*About this exercise*
In the entries below, find the line with "La ministra de" and the line with "Legen Sie oben", then retype both and everything between them exactly. Do not copy the pictures.

*Source material*

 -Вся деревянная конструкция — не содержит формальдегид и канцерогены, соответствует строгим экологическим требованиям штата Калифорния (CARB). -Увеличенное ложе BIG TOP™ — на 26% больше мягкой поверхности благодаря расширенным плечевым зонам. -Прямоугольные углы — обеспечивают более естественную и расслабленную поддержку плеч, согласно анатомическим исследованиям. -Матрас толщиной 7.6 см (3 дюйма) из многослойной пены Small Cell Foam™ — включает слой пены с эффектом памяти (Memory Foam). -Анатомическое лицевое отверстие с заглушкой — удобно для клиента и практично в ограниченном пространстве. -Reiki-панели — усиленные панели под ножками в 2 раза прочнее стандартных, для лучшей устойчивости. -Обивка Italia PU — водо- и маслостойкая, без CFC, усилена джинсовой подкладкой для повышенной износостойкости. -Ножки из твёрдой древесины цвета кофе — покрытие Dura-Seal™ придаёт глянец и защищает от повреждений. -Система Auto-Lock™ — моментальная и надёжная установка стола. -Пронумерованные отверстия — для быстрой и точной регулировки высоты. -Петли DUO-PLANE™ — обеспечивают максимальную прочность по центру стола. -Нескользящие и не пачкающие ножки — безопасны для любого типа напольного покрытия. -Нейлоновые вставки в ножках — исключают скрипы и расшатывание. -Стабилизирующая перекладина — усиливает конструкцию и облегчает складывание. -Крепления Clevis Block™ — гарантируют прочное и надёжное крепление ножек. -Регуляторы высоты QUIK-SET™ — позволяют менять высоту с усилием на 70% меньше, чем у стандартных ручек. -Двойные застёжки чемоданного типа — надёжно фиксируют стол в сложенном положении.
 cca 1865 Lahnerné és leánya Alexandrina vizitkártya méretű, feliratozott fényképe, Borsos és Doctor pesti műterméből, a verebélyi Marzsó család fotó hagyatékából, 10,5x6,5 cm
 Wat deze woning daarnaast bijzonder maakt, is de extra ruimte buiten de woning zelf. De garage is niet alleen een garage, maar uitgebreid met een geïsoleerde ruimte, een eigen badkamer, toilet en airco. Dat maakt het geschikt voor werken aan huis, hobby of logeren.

--

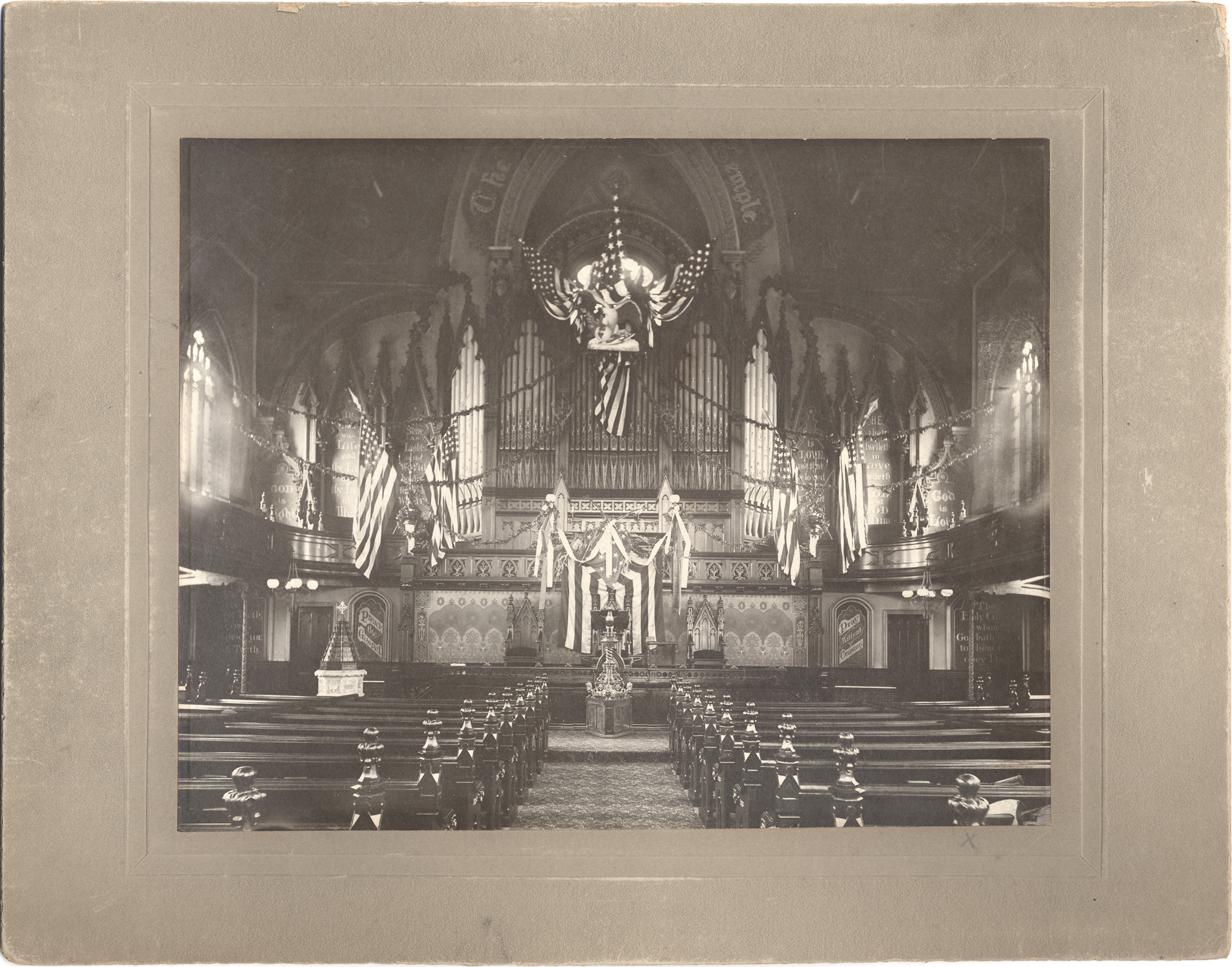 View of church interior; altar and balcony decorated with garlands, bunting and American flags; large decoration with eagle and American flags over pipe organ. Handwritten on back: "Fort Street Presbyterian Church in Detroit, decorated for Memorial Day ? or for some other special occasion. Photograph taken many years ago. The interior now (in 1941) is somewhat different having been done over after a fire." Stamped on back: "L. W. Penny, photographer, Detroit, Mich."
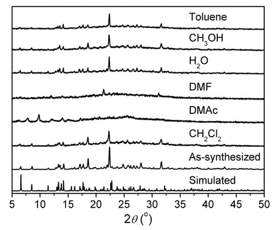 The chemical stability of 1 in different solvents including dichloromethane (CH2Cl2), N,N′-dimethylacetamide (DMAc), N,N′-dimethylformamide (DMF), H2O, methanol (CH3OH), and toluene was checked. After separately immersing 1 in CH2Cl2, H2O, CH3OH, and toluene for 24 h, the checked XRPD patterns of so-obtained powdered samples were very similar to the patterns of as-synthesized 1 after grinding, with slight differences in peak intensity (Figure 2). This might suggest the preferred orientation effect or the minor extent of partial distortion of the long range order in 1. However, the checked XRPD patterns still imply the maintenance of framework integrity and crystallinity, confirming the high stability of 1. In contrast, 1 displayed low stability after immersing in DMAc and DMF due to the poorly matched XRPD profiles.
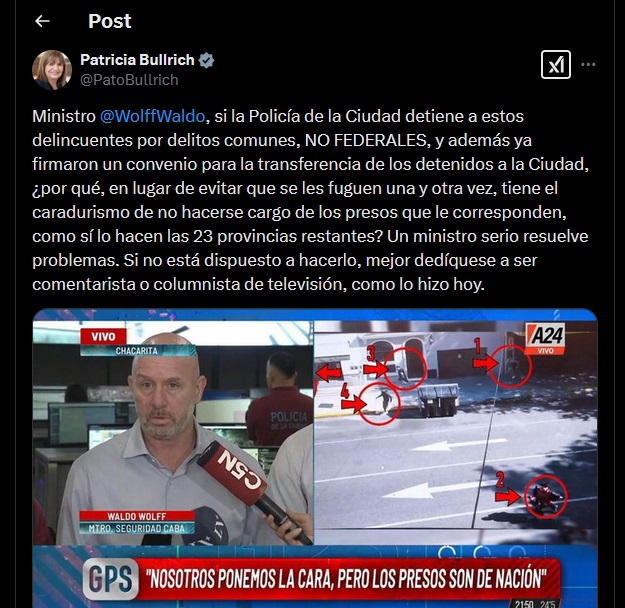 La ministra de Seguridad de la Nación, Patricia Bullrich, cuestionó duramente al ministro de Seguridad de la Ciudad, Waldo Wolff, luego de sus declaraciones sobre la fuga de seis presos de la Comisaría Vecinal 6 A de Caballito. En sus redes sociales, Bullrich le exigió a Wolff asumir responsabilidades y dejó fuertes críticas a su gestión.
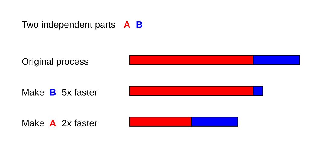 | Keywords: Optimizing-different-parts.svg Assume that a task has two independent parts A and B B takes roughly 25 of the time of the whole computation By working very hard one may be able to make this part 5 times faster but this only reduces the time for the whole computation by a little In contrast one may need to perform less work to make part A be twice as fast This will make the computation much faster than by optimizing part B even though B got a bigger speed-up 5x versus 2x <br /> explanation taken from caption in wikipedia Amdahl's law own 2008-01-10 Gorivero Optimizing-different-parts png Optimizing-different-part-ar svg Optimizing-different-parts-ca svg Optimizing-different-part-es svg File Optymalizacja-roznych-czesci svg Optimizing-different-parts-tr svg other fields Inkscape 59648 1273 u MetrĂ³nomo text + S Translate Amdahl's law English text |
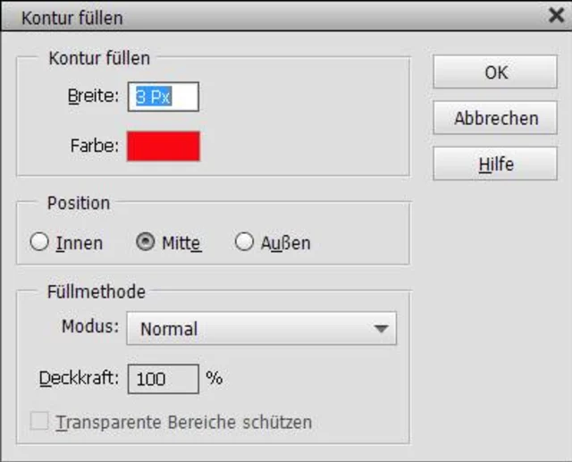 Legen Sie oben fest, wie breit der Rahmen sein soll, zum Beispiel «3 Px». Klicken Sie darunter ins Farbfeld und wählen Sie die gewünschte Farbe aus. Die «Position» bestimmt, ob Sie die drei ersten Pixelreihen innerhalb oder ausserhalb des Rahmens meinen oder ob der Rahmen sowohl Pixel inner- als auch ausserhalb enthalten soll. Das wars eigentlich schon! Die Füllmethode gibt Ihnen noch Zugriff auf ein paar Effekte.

==

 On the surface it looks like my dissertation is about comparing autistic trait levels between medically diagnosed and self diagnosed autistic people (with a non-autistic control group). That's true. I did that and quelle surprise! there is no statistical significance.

*Output of the task*
 La ministra de Seguridad de la Nación, Patricia Bullrich, cuestionó duramente al ministro de Seguridad de la Ciudad, Waldo Wolff, luego de sus declaraciones sobre la fuga de seis presos de la Comisaría Vecinal 6 A de Caballito. En sus redes sociales, Bullrich le exigió a Wolff asumir responsabilidades y dejó fuertes críticas a su gestión.
 | Keywords: Optimizing-different-parts.svg Assume that a task has two independent parts A and B B takes roughly 25 of the time of the whole computation By working very hard one may be able to make this part 5 times faster but this only reduces the time for the whole computation by a little In contrast one may need to perform less work to make part A be twice as fast This will make the computation much faster than by optimizing part B even though B got a bigger speed-up 5x versus 2x <br /> explanation taken from caption in wikipedia Amdahl's law own 2008-01-10 Gorivero Optimizing-different-parts png Optimizing-different-part-ar svg Optimizing-different-parts-ca svg Optimizing-different-part-es svg File Optymalizacja-roznych-czesci svg Optimizing-different-parts-tr svg other fields Inkscape 59648 1273 u MetrĂ³nomo text + S Translate Amdahl's law English text |
 Legen Sie oben fest, wie breit der Rahmen sein soll, zum Beispiel «3 Px». Klicken Sie darunter ins Farbfeld und wählen Sie die gewünschte Farbe aus. Die «Position» bestimmt, ob Sie die drei ersten Pixelreihen innerhalb oder ausserhalb des Rahmens meinen oder ob der Rahmen sowohl Pixel inner- als auch ausserhalb enthalten soll. Das wars eigentlich schon! Die Füllmethode gibt Ihnen noch Zugriff auf ein paar Effekte.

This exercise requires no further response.